++++ Record set ++++

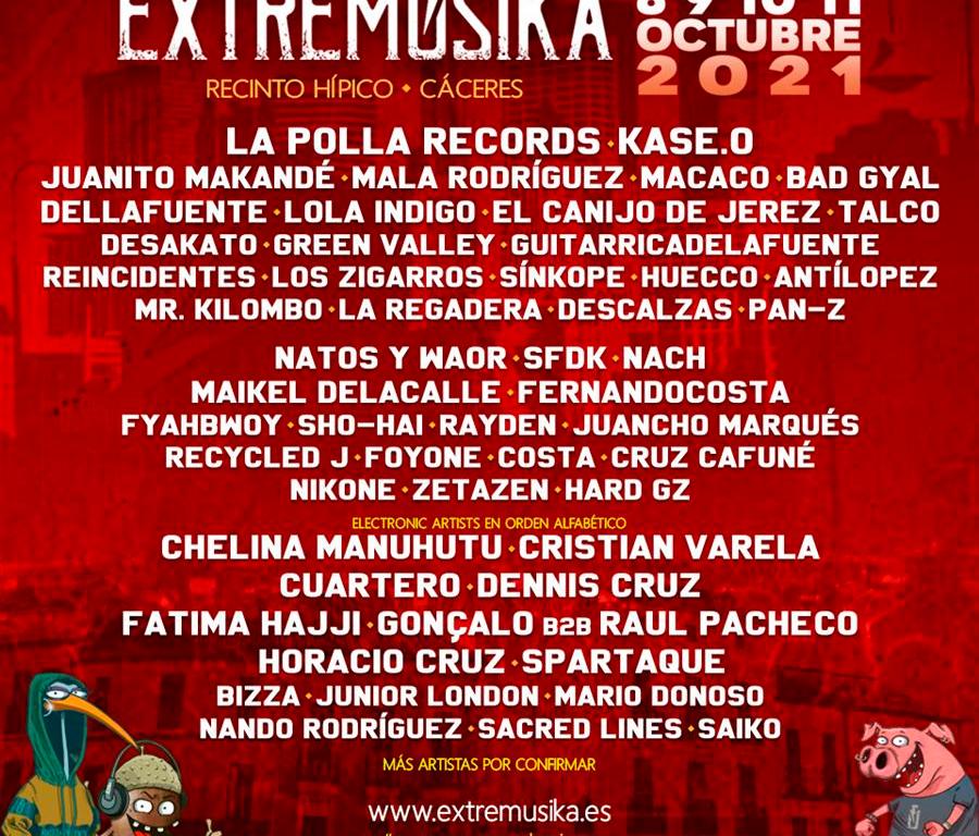 Extremúsika regresará del 8 al 11 de octubre de 2021 para celebrar a lo grande una edición cargada de la mejor música en vivo donde diferentes artistas de lo mejor del Rock, música urbana, Pop, Hip-Hop y por supuesto, electrónica, harán las delicias de un público con ganas de fiesta. En el Line-Up de electrónica encontramos nombres de relumbrón de la escena Underground como Chelina Manuhutu, Cristian Varela, Spartaque, Raúl Pacheco b2b Gonçalo o Dennis Cruz entre otros, quienes habían sido confirmados para 2020 (a excepción de la primera, que ha sido anunciada recientemente) y que por supuesto estarán en 2021.
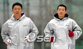 현대 우완 투수들인 정민태(36)와 조용준(27)이 시즌 말 복귀를 위한 막바지 점검을 갖고 있다. 작년 가을 오른 어깨 수술을 받고 재활중인 정민태는 19일 원당구장에서 열린 2군리그 SK와의 경기에 선발등판, 5이닝 4피안타 2볼넷 2실점(1자책)을 기록하며 승리 투수가 됐다. 최고 구속은 137km로 아직 정상 페이스를 찾지 못하고 있으나 재활 투구 초반 130km대 초반에 머물 때보다는 나아졌다. 역시 정민태와 함께 수술을 받고 재활 중인 구원투수 ‘조라이더’ 조용준도 3번째 투수로 나서 2이닝 1피안타 1탈삼진 무실점으로 호투하며 홀드를 기록했다. 조용준의 최고구속은 136km. 정민태와 조용준은 시즌 막판 복귀를 위해 페이스를 올리고 있다. 팀이 포스트시즌에 진출하면 1군 합류가 예상된다. 현대는 정민태와 조용준 등의 호투에 힘입어 6-4로 승리했다. 현대 조평호는 1회 투런, 8회 솔로 등 홈런 2방을 날리며 팀승리에 기여했다. 함평구장에서는 원정팀 한화가 KIA를 5-3으로 제압했다. 한화는 선발 신주영이 7⅔이닝 7피안타 2볼넷 3탈삼진 2실점으로 호투하며 승리를 따냈다. 한화 베테랑 구원투수 오봉옥은 1이닝 2피안타 1실점을 기록했다. 최민준이 홈런 한 개 포함 3타수 2안타 2타점으로 공격을 이끌었다. KIA는 선발 손영민이 5⅔이닝 6피안타 1볼넷 2탈삼진 5실점(3자책)으로 패전을 기록했고 공격에서는 권희석이 2회 솔로 홈런을 날렸다. sun@osen.co.kr 정민태(왼쪽)-조용준.
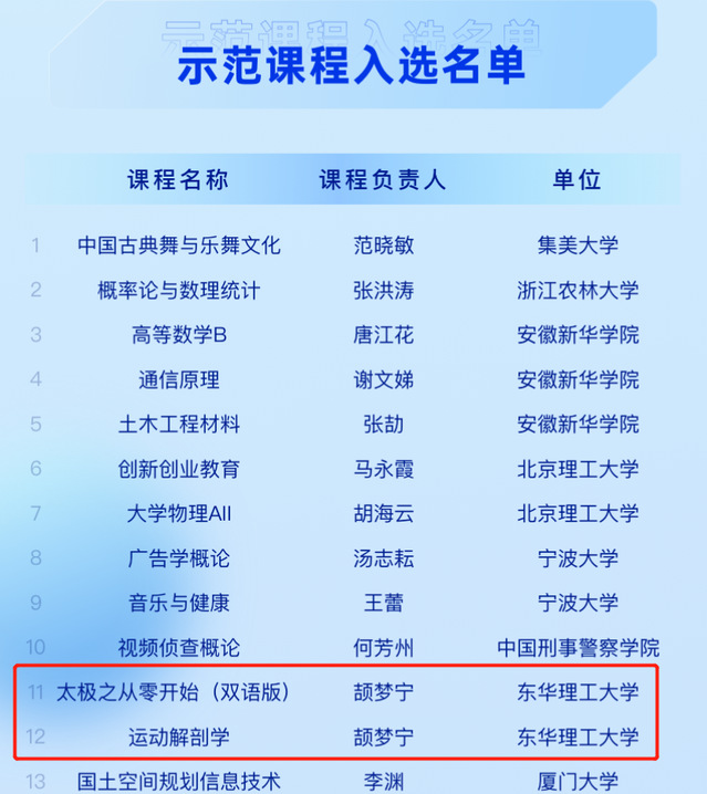 近日,教育部在线教育研究中心公布了2022第二批“拓金计划”示范课程,我校体育学院颉梦宁老师主讲的《太极之从零开始(双语版)》和《运动解剖学》两门课程双双入选,这是江西省高校该批唯一入选的“拓金计划”示范课程。
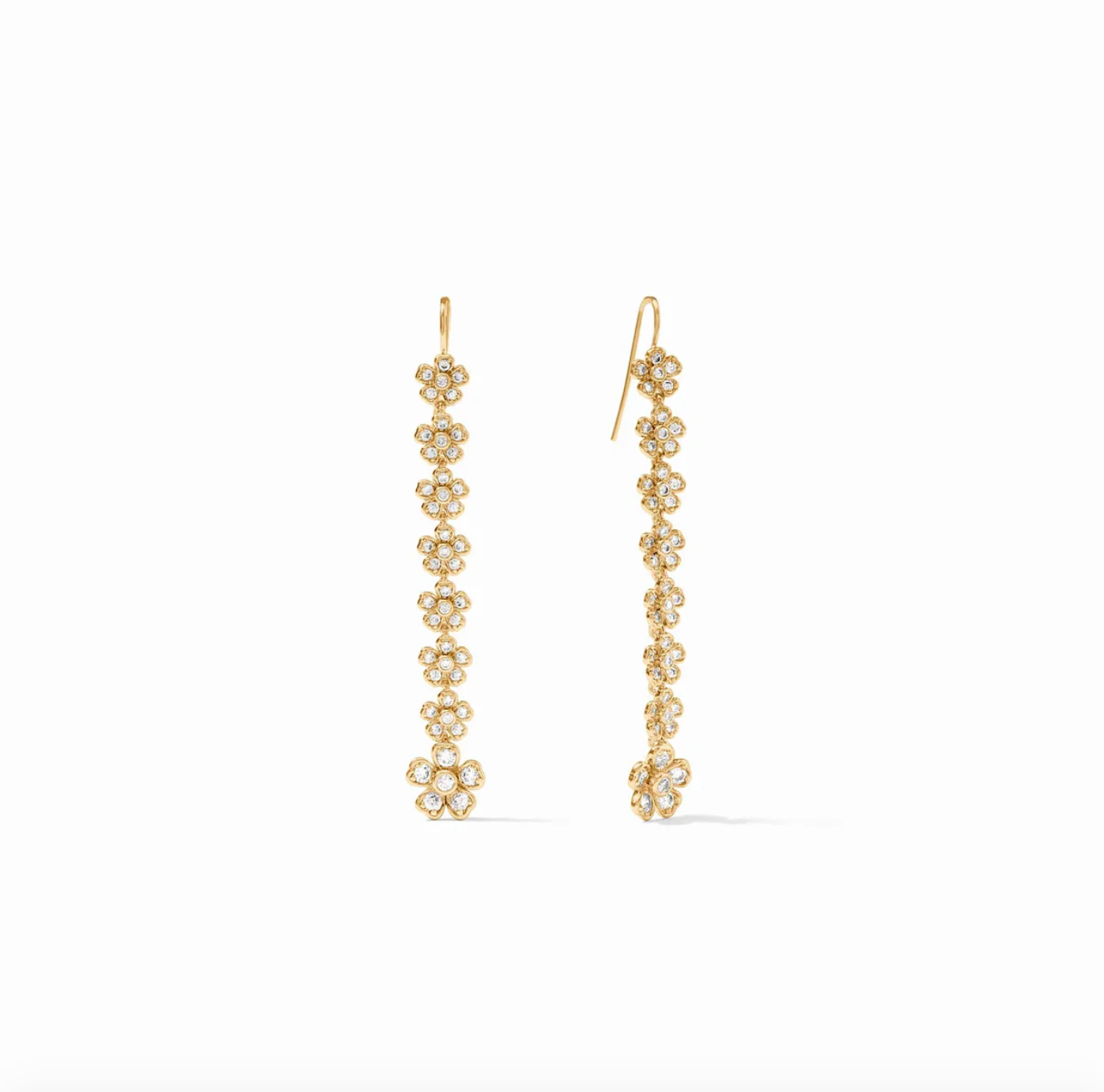 Seven petite pavé and gold flowers blossom, swing, and sway in a brilliant column, anchored by a larger bloom at the base.
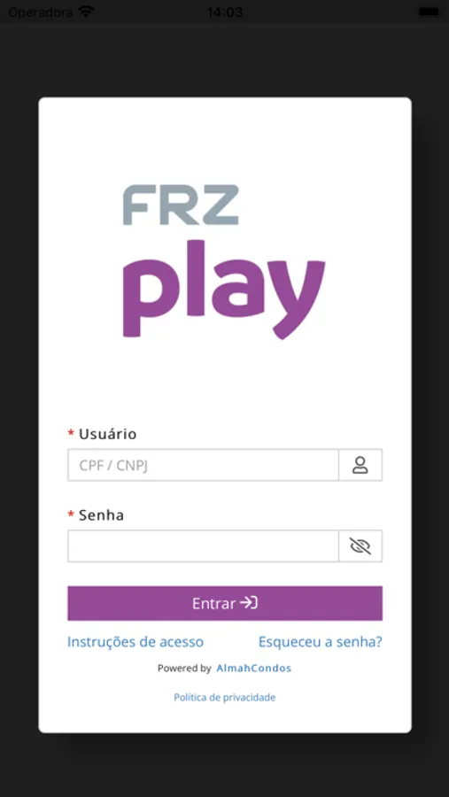 Este aplicativo é exclusivo para usuários da FRZ Play.
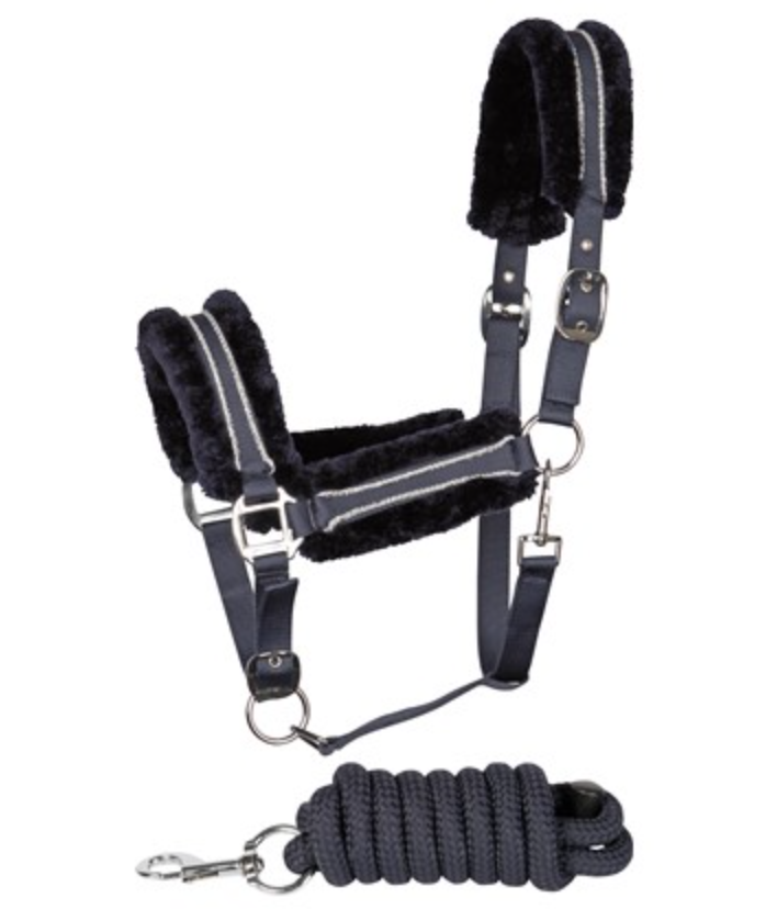 Halsterset met bont onderlegd, metallic pipings, verstelbaar aan twee kanten op het kopstuk en op de kin, inclusief een twee meter halstertouw.
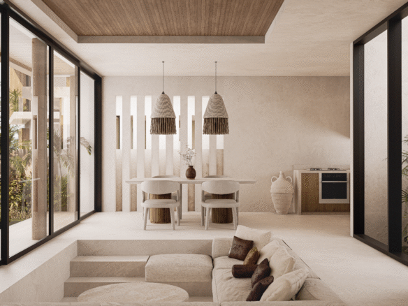 Situated in the heart of Bingin within the designated tourism zone, this modern Japandi-style villa presents a compelling investment opportunity in one of Bali’s most high-demand rental markets. Just minutes from Bingin Beach and surrounded by popular cafés, restaurants, gyms, and wellness hotspots, the location guarantees consistent guest demand and strong long-term value growth. Set on 1.6 Are of land with a generous 182 sqm building size, the villa features two thoughtfully designed bedrooms, each with its own ensuite bathroom for optimal comfort and privacy. The layout showcases a sunken living area, kitchen, and dining space that flow seamlessly to a private pool and lush garden, creating a bright, open atmosphere that resonates strongly with short-term renters. An additional second lounge on the upper floor enhances flexibility and rental appeal, while convenient motorbike parking adds everyday practicality. As an off-plan project with completion scheduled for May 2026, this villa offers investors the advantage of entering at an early stage, with strong potential for capital appreciation upon completion. Combining thoughtful design with a prime location, this property is an ideal choice for those seeking both steady rental income and long-term growth in Bali’s thriving hospitality market.
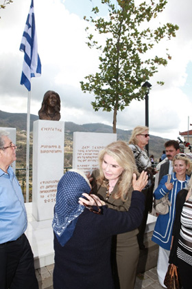 Η κ. Βαρδινογιάννη, πριν φτάσει στο χωριό, έκανε μια μικρή στάση στον τόπο της θυσίας, για να αποτίσει φόρο τιμής στους νεκρούς.
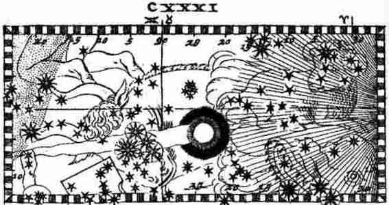 Раскрываем книгу Бахараха «Астрономия» якобы 1545 года. В ней есть интересный рисунок КОМЕТЫ В ВИДЕ ГИГАНТСКОГО КРУГЛОГО ЛИЦА, КИПЯЩЕГО ПАРОМ И ОГНЕМ, ОКРУЖЕННОГО ЗВЕЗДАМИ, СГОРАЮЩИМИ В ПЛАМЕНИ, рис. 147.
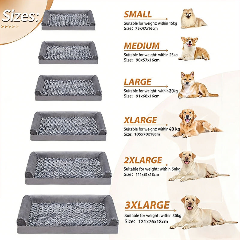Canapé pour animaux de compagnie en velours en forme de C, sur mesure, grand lit pour chien, anti-anxiété, confortable, indestructible, orthopédique

++++

What the task requires: Pictures stay out; output the lines from the top of the listing above through the line containing "Halsterset met bont", exactly as they stand.

Solution to this exercise:
 Extremúsika regresará del 8 al 11 de octubre de 2021 para celebrar a lo grande una edición cargada de la mejor música en vivo donde diferentes artistas de lo mejor del Rock, música urbana, Pop, Hip-Hop y por supuesto, electrónica, harán las delicias de un público con ganas de fiesta. En el Line-Up de electrónica encontramos nombres de relumbrón de la escena Underground como Chelina Manuhutu, Cristian Varela, Spartaque, Raúl Pacheco b2b Gonçalo o Dennis Cruz entre otros, quienes habían sido confirmados para 2020 (a excepción de la primera, que ha sido anunciada recientemente) y que por supuesto estarán en 2021.
 현대 우완 투수들인 정민태(36)와 조용준(27)이 시즌 말 복귀를 위한 막바지 점검을 갖고 있다. 작년 가을 오른 어깨 수술을 받고 재활중인 정민태는 19일 원당구장에서 열린 2군리그 SK와의 경기에 선발등판, 5이닝 4피안타 2볼넷 2실점(1자책)을 기록하며 승리 투수가 됐다. 최고 구속은 137km로 아직 정상 페이스를 찾지 못하고 있으나 재활 투구 초반 130km대 초반에 머물 때보다는 나아졌다. 역시 정민태와 함께 수술을 받고 재활 중인 구원투수 ‘조라이더’ 조용준도 3번째 투수로 나서 2이닝 1피안타 1탈삼진 무실점으로 호투하며 홀드를 기록했다. 조용준의 최고구속은 136km. 정민태와 조용준은 시즌 막판 복귀를 위해 페이스를 올리고 있다. 팀이 포스트시즌에 진출하면 1군 합류가 예상된다. 현대는 정민태와 조용준 등의 호투에 힘입어 6-4로 승리했다. 현대 조평호는 1회 투런, 8회 솔로 등 홈런 2방을 날리며 팀승리에 기여했다. 함평구장에서는 원정팀 한화가 KIA를 5-3으로 제압했다. 한화는 선발 신주영이 7⅔이닝 7피안타 2볼넷 3탈삼진 2실점으로 호투하며 승리를 따냈다. 한화 베테랑 구원투수 오봉옥은 1이닝 2피안타 1실점을 기록했다. 최민준이 홈런 한 개 포함 3타수 2안타 2타점으로 공격을 이끌었다. KIA는 선발 손영민이 5⅔이닝 6피안타 1볼넷 2탈삼진 5실점(3자책)으로 패전을 기록했고 공격에서는 권희석이 2회 솔로 홈런을 날렸다. sun@osen.co.kr 정민태(왼쪽)-조용준.
 近日,教育部在线教育研究中心公布了2022第二批“拓金计划”示范课程,我校体育学院颉梦宁老师主讲的《太极之从零开始(双语版)》和《运动解剖学》两门课程双双入选,这是江西省高校该批唯一入选的“拓金计划”示范课程。
 Seven petite pavé and gold flowers blossom, swing, and sway in a brilliant column, anchored by a larger bloom at the base.
 Este aplicativo é exclusivo para usuários da FRZ Play.
 Halsterset met bont onderlegd, metallic pipings, verstelbaar aan twee kanten op het kopstuk en op de kin, inclusief een twee meter halstertouw.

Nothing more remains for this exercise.